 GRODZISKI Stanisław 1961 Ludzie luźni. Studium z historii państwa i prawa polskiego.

========

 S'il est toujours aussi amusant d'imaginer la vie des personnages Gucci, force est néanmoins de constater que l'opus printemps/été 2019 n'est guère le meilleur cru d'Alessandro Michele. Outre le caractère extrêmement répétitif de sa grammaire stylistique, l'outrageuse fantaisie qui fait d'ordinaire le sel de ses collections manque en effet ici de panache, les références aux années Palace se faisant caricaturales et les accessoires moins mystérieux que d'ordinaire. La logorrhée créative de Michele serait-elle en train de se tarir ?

========

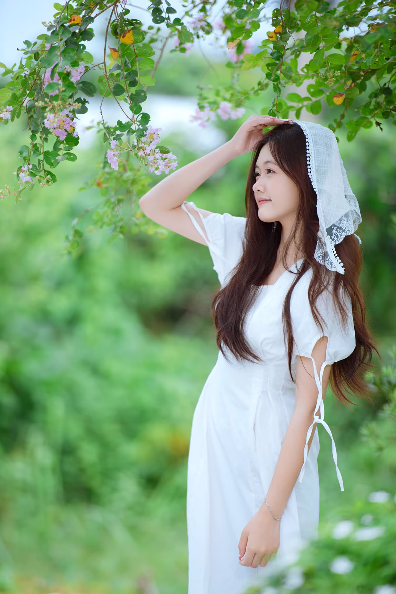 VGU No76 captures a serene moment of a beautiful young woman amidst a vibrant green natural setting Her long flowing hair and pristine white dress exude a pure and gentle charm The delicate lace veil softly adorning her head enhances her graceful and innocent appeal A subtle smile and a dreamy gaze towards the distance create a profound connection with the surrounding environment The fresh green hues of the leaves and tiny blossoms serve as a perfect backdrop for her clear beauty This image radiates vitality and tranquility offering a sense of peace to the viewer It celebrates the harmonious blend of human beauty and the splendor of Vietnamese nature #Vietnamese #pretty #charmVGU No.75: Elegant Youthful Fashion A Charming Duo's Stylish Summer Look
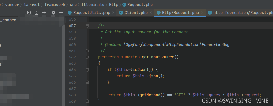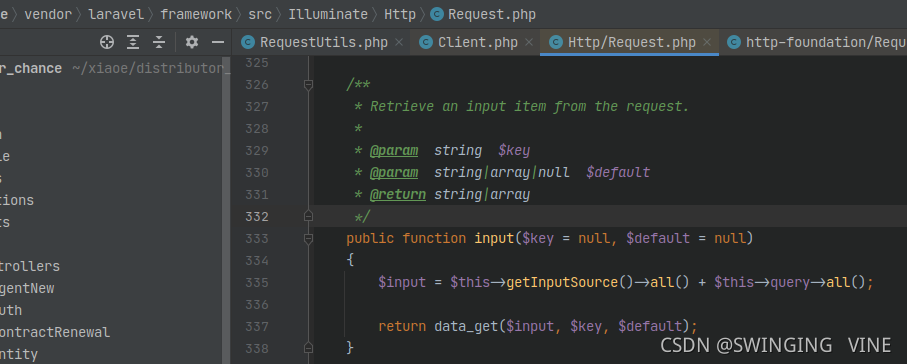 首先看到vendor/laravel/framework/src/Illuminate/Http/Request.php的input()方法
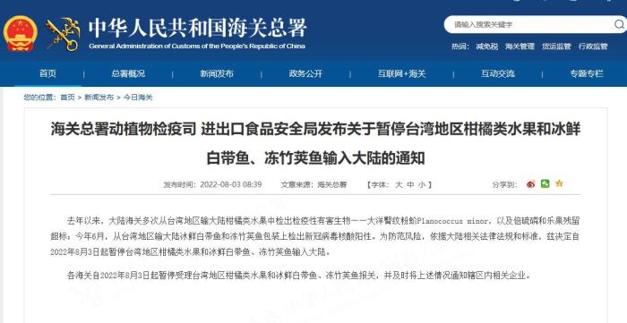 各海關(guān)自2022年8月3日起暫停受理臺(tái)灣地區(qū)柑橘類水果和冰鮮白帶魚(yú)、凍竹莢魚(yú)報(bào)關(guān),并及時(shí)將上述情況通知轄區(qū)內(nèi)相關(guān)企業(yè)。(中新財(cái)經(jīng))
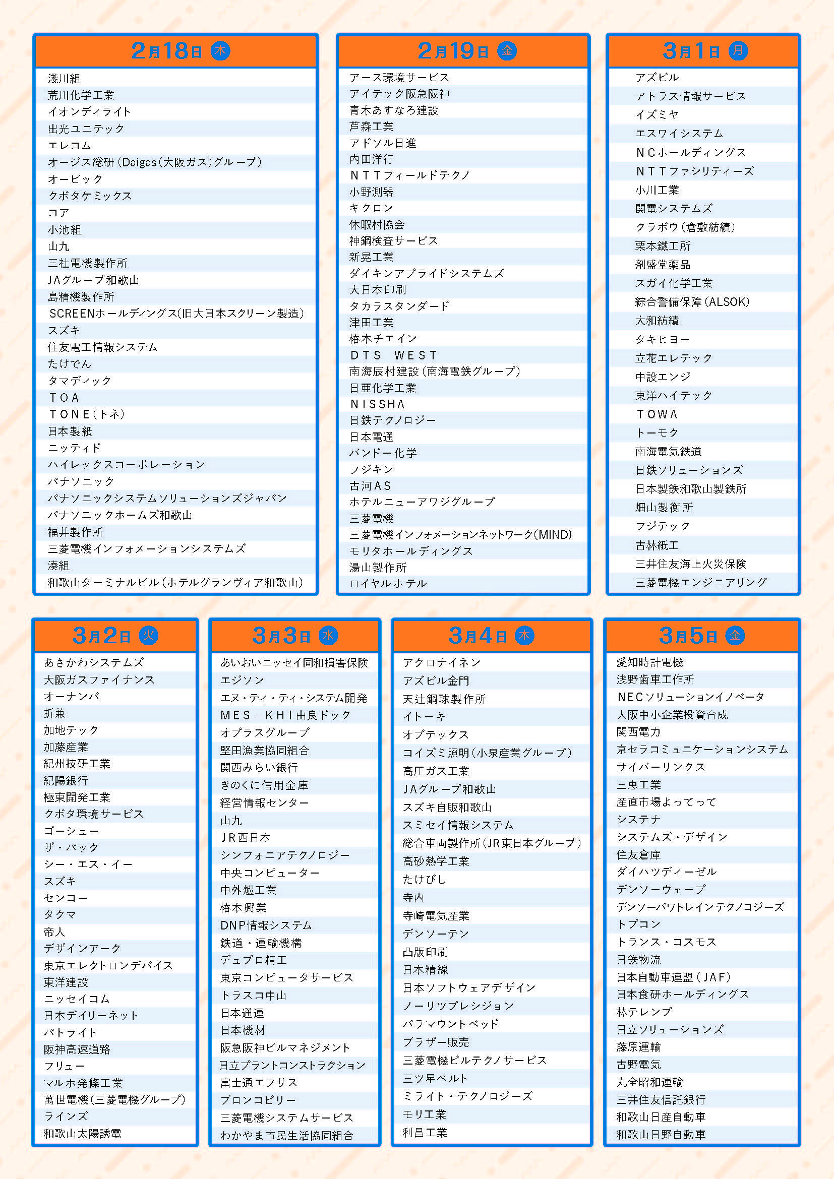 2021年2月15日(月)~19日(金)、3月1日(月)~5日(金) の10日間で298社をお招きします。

========

**TASK DETAILS**. Text only, no pictures: please print exactly the lines above from the line with "首先看到vendor/lar" up to and including the line with "2021年2月15日(月)~", and nothing else.

**EXPECTED ANSWER**.
 首先看到vendor/laravel/framework/src/Illuminate/Http/Request.php的input()方法
 各海關(guān)自2022年8月3日起暫停受理臺(tái)灣地區(qū)柑橘類水果和冰鮮白帶魚(yú)、凍竹莢魚(yú)報(bào)關(guān),并及時(shí)將上述情況通知轄區(qū)內(nèi)相關(guān)企業(yè)。(中新財(cái)經(jīng))
 2021年2月15日(月)~19日(金)、3月1日(月)~5日(金) の10日間で298社をお招きします。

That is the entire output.